Quest’uomo non lascia intravedere la somma della sua conoscenza. Solo l’espressione della sua
serenità può attirarvi a lui. Egli ammira molto le qualità degli altri, ma non farà sfoggio delle
proprie.
Quando siamo in presenza di quest’uomo, un MAESTRO, gioiremo d’una indipendenza di pensiero
assoluta.
Egli insegna che è falso utilizzare il pensiero altrui nella propria via.
L’uomo votato alla causa, non avrà mai nostalgia del passato. Vive con il suo tempo.
Attraversa gli anni ed i loro cambiamenti, come il tempo attraverso le stagioni.
L’ ”uomo non deve rimpiangere il tempo passato, né coltivare nefasti ricordi.

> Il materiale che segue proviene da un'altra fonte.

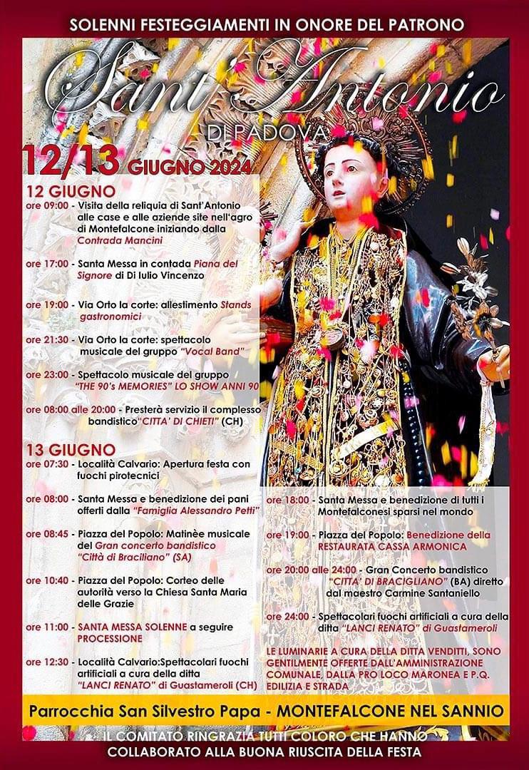 12 giugno 2024 Festività in onore di Sant’Antonio di Padova 14 venerdì Giu 2024 Posted by markodi94 in EVENTI ≈ Lascia un commento

E’ il cambiamento
che rivela all’individuo la vera bellezza”.
Deve volere soprattutto, le prove che possono essere raggiunte.
Se avete la scelta di poter aprire certe porte, non c’è che un consiglio da darvi: avere qualcuno che
faciliterà la vostra ricerca.
Se qualcuno dice le medesime cose che riflettono le medesime verità, non possono essere le vostre,
poiché sono il risultato del suo percorso.
Dovete cercare le vostre verità, nella vostra via.
Sarà falso credere che l’uomo votato alla sua via, si fermi a trasmettere solo con le parole.
L’uomo superiore, agisce sugli altri con i suoi atti e consacra il suo tempo al perfezionamento di
colui che glielo domanderà. Solo allora l’azione darà un senso alla conversazione.
L’uomo votato alla via, non può indirizzarsi che ad un individuo per volta; a differenza dell’uomo
di conoscenza che si indirizzerà ad un gruppo.
Qui noi troviamo ancora il triangolo, che dona il posto di ciascuno.
L’uomo votato alla via, non si indirizza mai ad un apprendista guerriero. Lo potrà osservare, ma
senza dirgli nulla.
L’uomo votato, lavora ogni giorno per perfezionarsi. E’ una virtù.
La più alta è quella d’iniziare gli altri.
Pratica i suoi insegnamenti e osserva le regole dei riti.
Come il nero e il bianco, sono un contrasto indissociabile, la cultura del perfezionamento interiore
ed esteriore sarà la medesima cosa.
Trasmettere è una regola immutabile del compito.